Small hospitals with fewer than 150 beds are increasingly turning to clinical information systems (CIS) from vendors that have primarily served larger medical facilities, a shift that has a lot to do with meeting meaningful use marks.
That's the conclusion of a Nov. 3 report from the research group KLAS, which noted small hospitals historically have used vendors focused on the community hospital market.
Clinical information systems include information technology that is applied at the point of care, such as electronic medical records, clinical data repositories, decision support programs, and communication tools such as electronic messaging systems.
Now smaller hospitals are considering buying these systems from firms including Meditech, Cerner, McKesson Paragon, and Epic more often than from traditional community hospital-focused CIS vendors such as CPSI, Healthland, Healthcare Management Systems Inc., Keane, and Siemens (for its MedSeries4 system), according to the KLAS report.

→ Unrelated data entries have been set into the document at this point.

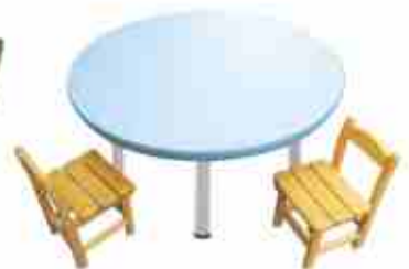
VE - 010
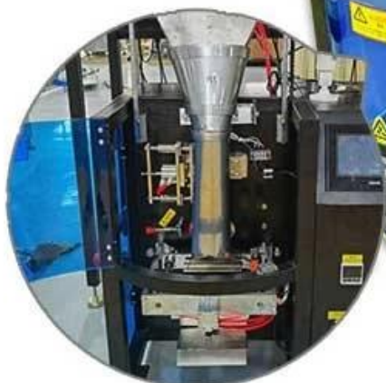
Selling point 3
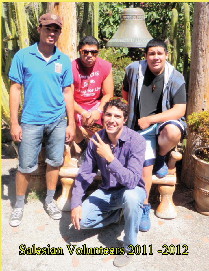
Salesian Volunteers 2011 -2012

We are looking for 8 young people who would like to serve God for one year as a Salesian Volunteer.
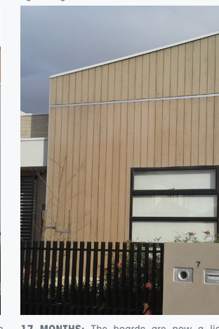
17 MONTHS: The boards are now a light blonde colour
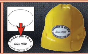
Blank Die-Cut Labels
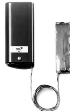
A19CAC-1 Control (Remote Bulb Model)
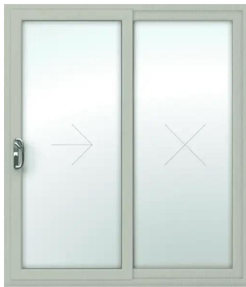
ALUMINIUM GLAZED DOORS & WINDOWS COLOUR TO BE THE SAME AS THE CLADDING (DULUX PEWTER PEARL SATIN 97188202)

The new third floor storey comprises of elegant flush framed full height glazed windows and dormers within the existing pitched roof. The existing roof tile will be cleaned and kept as it is. The new dormer will be aluminium cladding with full length doors, colour to be light grey (Dulux Pewter Pearl Satin 97188202). A sample of the cladding will be submitted to the planning department.
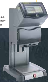
Part No. 244441 Floor model with 45° tilt screen

Finally there's an inexpensive alternative to the expensive kitting of small batches! ProBatch™ offers an EASY, ACCURATE batch system that will REDUCE WASTE and SAVE MONEY. ProBatch is specifically designed for the cost-conscious individual who uses many colors in low volume.
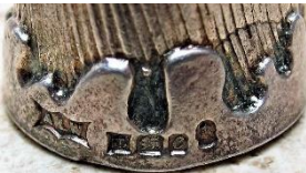
1977 L: jubilee mark Birmingham
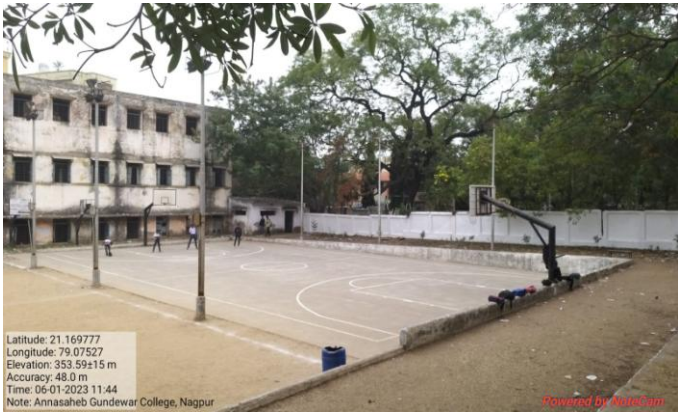
Latitude: 21.169777 Longitude: 79.07527 Elevation: 353.59±15 m Accuracy: 48.0 m Time: 06-01-2023 11:44 Note: Annasaheb Gundewar College, Nagpur
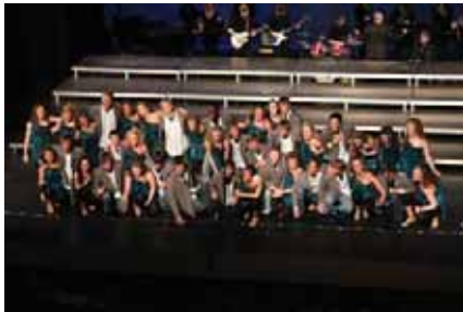
Show Choir America - Washington, DC Onalaska HS Hilltoppers
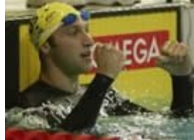
Ian Thorpe, AUS 3:40.08
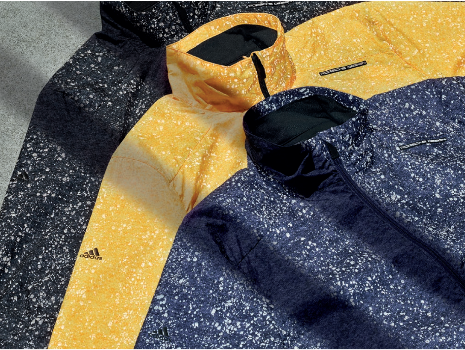
REFLECTIVE LIGHT JACKET BR9453 REFLECTIVE LIGHT JACKET BR9458 REFLECTIVE LIGHT JACKET BR9457
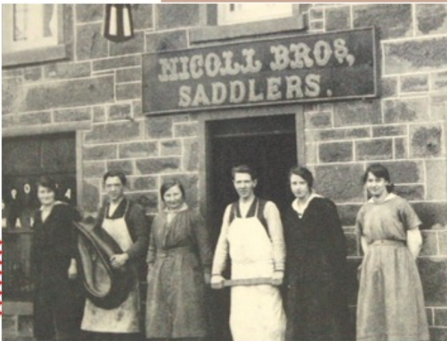
Original 19 th century workshop, in Bankfoot, Scotland

Our original collection, The 1834, is named in honour of the master craftspeople who handmake each piece. Their workshop near the Highlands has a manufacturing history, which extends all the way back to 1834. This rich heritage is cut & stitched into every bag.
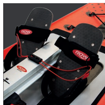
Foot stretcher with pivot axle: no overstretching of the Achilles tendon.
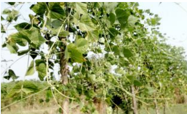
A. Vegetable cultivation in Pipalgota village in Banapura Forest Range
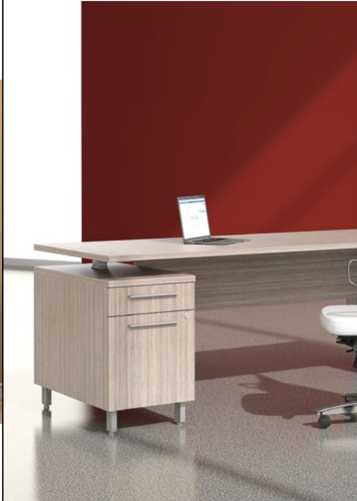
height adjustable tables

"Most large hospitals have already chosen a CIS, so community hospitals represent the largest potential client pool for vendors," said Jason Hess, general manager of clinical research at KLAS and author of the new report.
And with meaningful use requirements approaching, "providers don't seem to be considering community vendors as much," he said.
Meditech is the most-considered vendor in community hospitals, but Cerner's hosted system is making inroads, and McKesson's Paragon is steadily gathering provider interest, according to the report. To a lesser extent, Epic's Mindshare is also growing in the community market.
The researchers found that Meditech is considered most often in small hospitals (1-150 beds), Cerner in mid-sized hospitals (151-300 beds), and Epic in large hospitals (over 300 beds). All three are receiving frequent consideration from hospitals of all sizes.